How To Setup Hosting For Self Hosted WordPress Website + Domain
A domain name is simply what people type into their browser to get to your website (ie, www.shivarweb.com). A hosting account is simply a computer server where your website files live.
Here’s how to buy and set up both…
How To Purchase A Domain Name
Note – if you already own a domain name, you can skip down to How To Setup Hosting For WordPress.
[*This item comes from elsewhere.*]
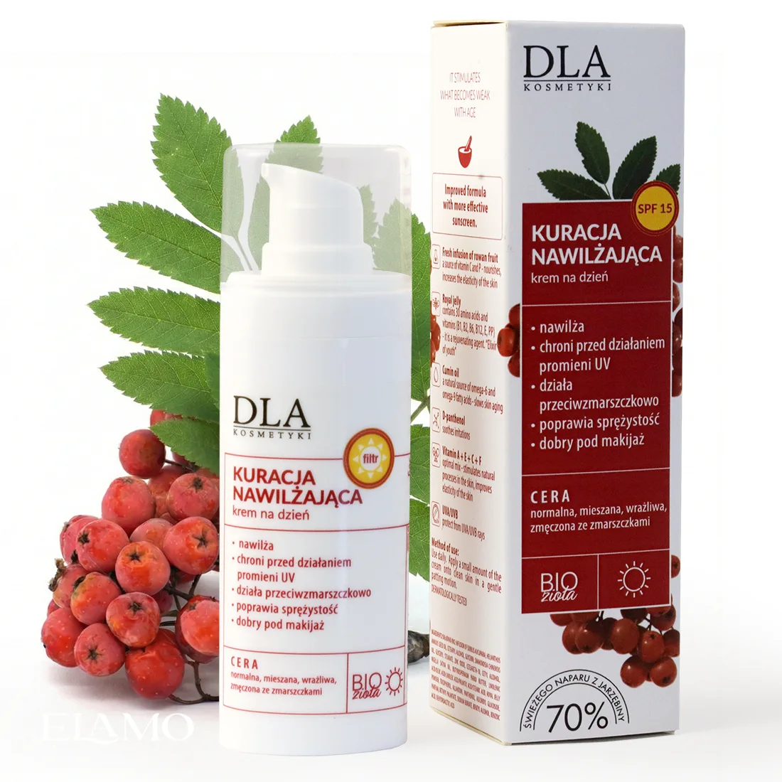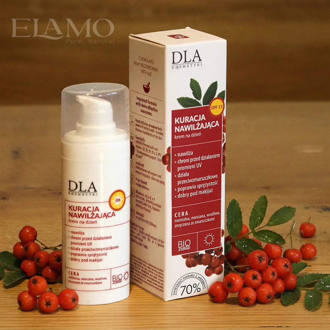 Kuracja Nawilżająca krem na dzień bazuje na świeżym 70% naparze z owoców jarzębiny (Sorbus aucuparia) oraz mineralnym SPF 15. Dla cery normalnej, mieszanej i wrażliwej (także naczynkowej). Sprawdza się jako baza pod makijaż.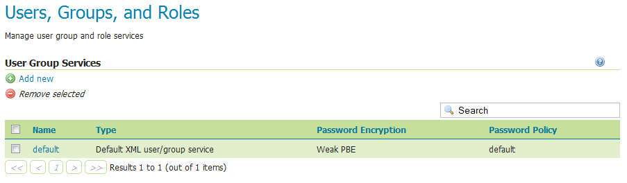 In this menu, user/group services can be added, removed, or edited. By default, there is one user/group service in GeoServer, which is XML-based. It is encrypted with Weak PBE and uses the default password policy. It is also possible to have a user/group service based on JDBC, with or without JNDI.

I recommend purchasing your domain separately from your hosting provider if you want to save money over the long term and make things easier for yourself in the future.
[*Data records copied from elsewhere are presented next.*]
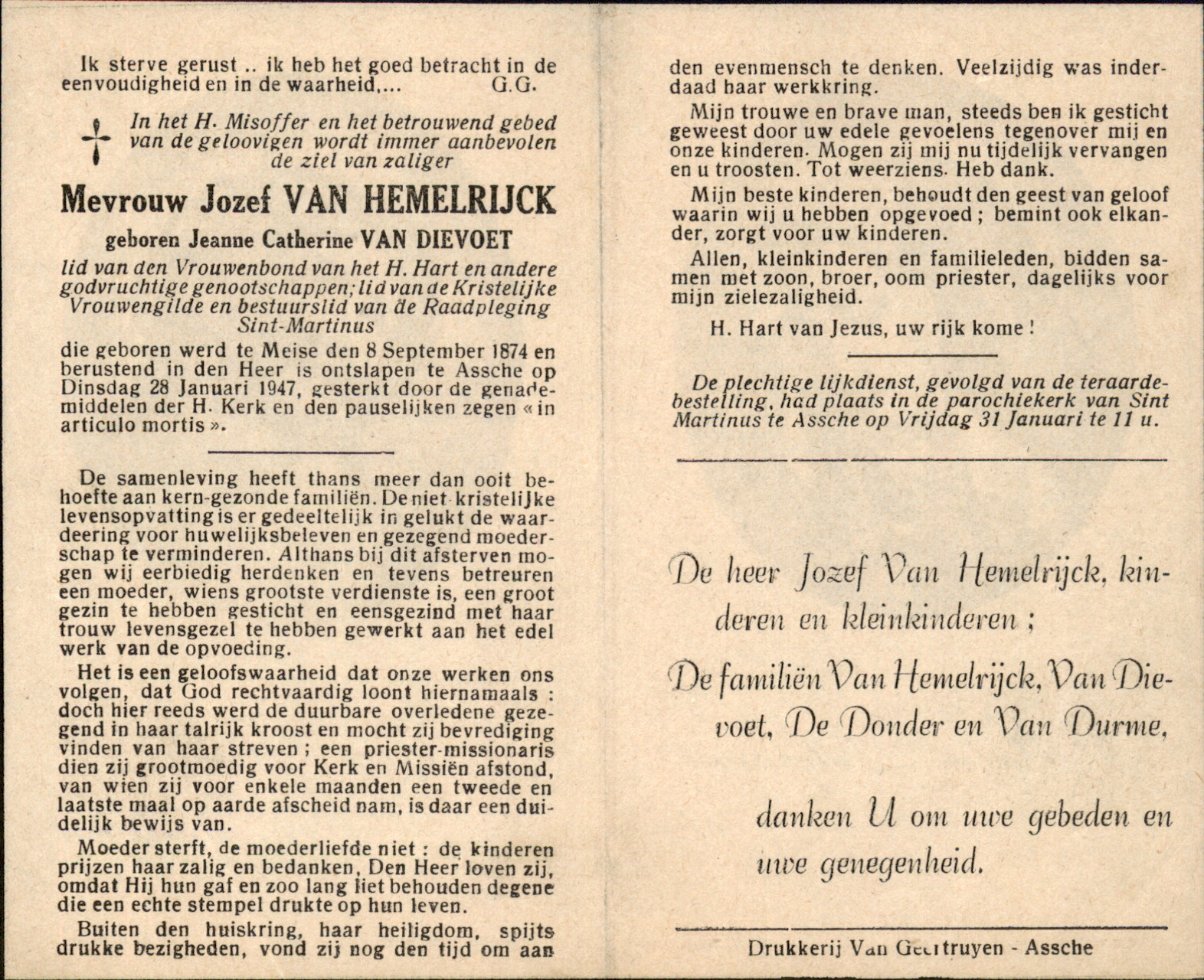 Joanna Catharina Van Dievoet overlijden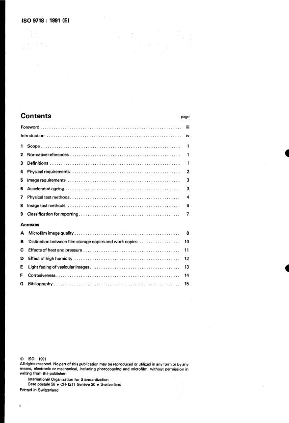 ISO 9718:1991 is a standard published by the International Organization for Standardization (ISO). Its full title is "Photography — Processed vesicular photographic film — Specifications for stability". This standard covers: Photography — Processed vesicular photographic film — Specifications for stability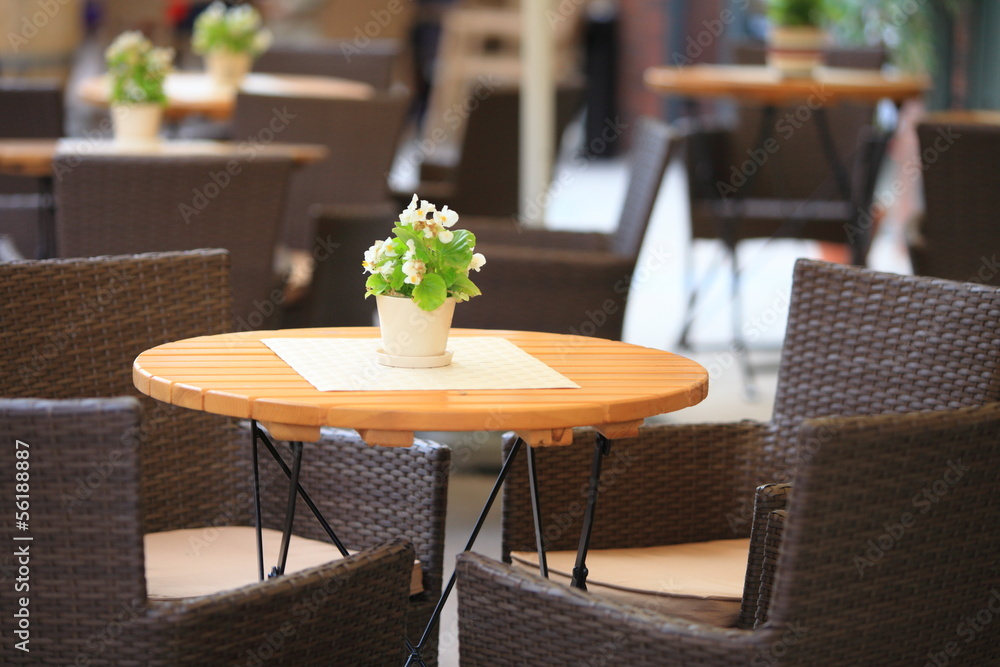 Outdoor restaurant cafe chairs with table
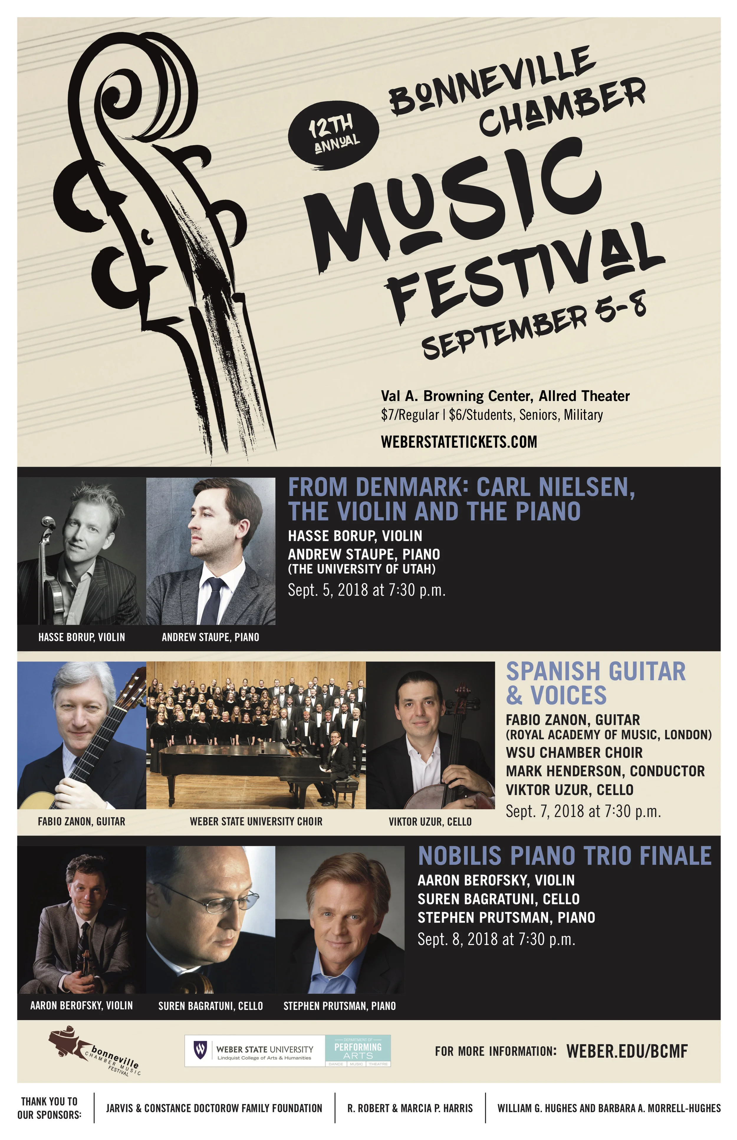 Masterpieces by Brahms and Schubert brought to Utah by internationally acclaimed Nobilis Piano Trio: Aaron Berofsky, violin, University of Michigan faculty; Suren Bagratuni, cello, Tchaikovsky Competition Silver Medalist and Michigan State University faculty; Stephen Prutsman, Laureate of Queen Elizabeth and Tchaikovsky Competitions.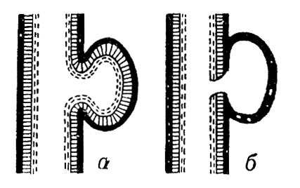 Аневризма: а — истинная; б — ложная.

Hosting and domain registration are two different activities – and usually, companies only do one well (and at a good price). When you purchase separately, you not only get better pricing & management, you also get the benefits of diversity and not having all your eggs in one basket so to speak.
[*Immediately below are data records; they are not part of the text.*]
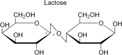 Laktóza je disacharid označovaný také jako mléčný cukr, který tvoří podle druhu mléka 2–8 % pevných látek v mléce,[1] i když existuje i mléko se sníženým množstvím laktózy. Laktóza se vyskytuje v mateřském mléce savců. Molekula se skládá z galaktózy a glukózy, spojených β-(1→4) glykosidickou vazbou.[2]
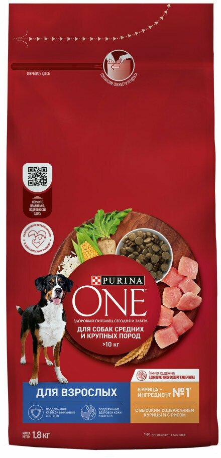 PURINA ONE 1,8 кг сухой корм для взрослых собак средних и крупных пород, с высоким содержанием курицы и с рисом
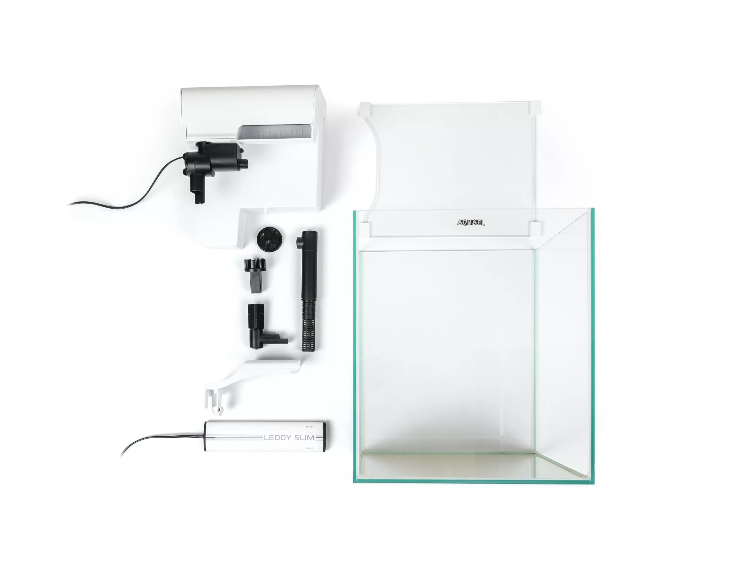 Повний набір акваріума для встановлення морського нан-човна. (35x35x40 см). Набір має елегантну скляну склянку з вирізаним для каскадного фільтра. Крім того, набір супроводжується захисним килимком для захисту дна.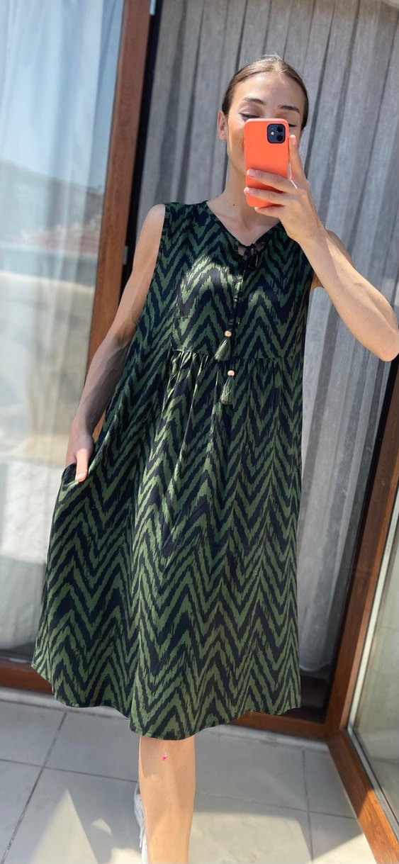 Yeşil zebra desenli, V yakalı ve kolsuz uzun elbise. Rahat kesimli, pile detaylı ve yumuşak sentetik kumaştan üretilmiştir.

On the flip side, hosting companies usually offer 1 year of domain registration for free and have maximum convenience. If you are trying to save money, and don’t foresee moving your site around, by all means, do it all in one place. I’ll cover that option as well in the guide.
Here’s where I’d recommend purchasing domains from…
Focused on the most convenient option?
Go to your domain registrar (or recommended host below) and search for the name you want, and proceed through the checkout. You do not need any upsells. You can get everything you’ll need from your hosting provider.
Once you have your domain name, we need a hosting server to “point” it to.
(Note – you do not need to transfer the domain itself to your hosting company. I’ll show you how to “point” it).
How To Set Up Hosting For WordPress
Choosing a good web hosting company is critical for your website. Web hosting companies tend to make things way too confusing with useless feature overload, short-term discounts (then expensive long-term prices), and over-promising customer service. They also create confusing offers like “WordPress hosting” – even though usually WordPress hosting is no different than standard web hosting*…only with layered limits and higher prices.
**There are true WordPress hosting plans out there with advanced features like a staging environment, custom web server options, etc. I explained WordPress hosting in this article.
There at hundreds of web hosting companies on the Internet. There is no such thing as an “overall best host” – only the best for you & your situation. Since you are reading this guide, I’ll make a few assumptions (ie, performance needs, budget parameters, etc) based on reader emails & professional experience. If you want to take a quiz – you can do that here.
Otherwise, here’s the 3 companies that I usually end up recommending to DIYers. You can also read my web hosting reviews if you’re interested.
Best Hosting if you want…
Focused on specific options?
Step 1. Choose the hosting plan that fits your current goals.
First, most all hosting plans are 3 tier. The low tier usually has some sort of cap and the high tier has some sort of bonus. Consider value for yourself rather than overall value. Unless you run a photo or travel blog, you likely won’t need a ton of storage.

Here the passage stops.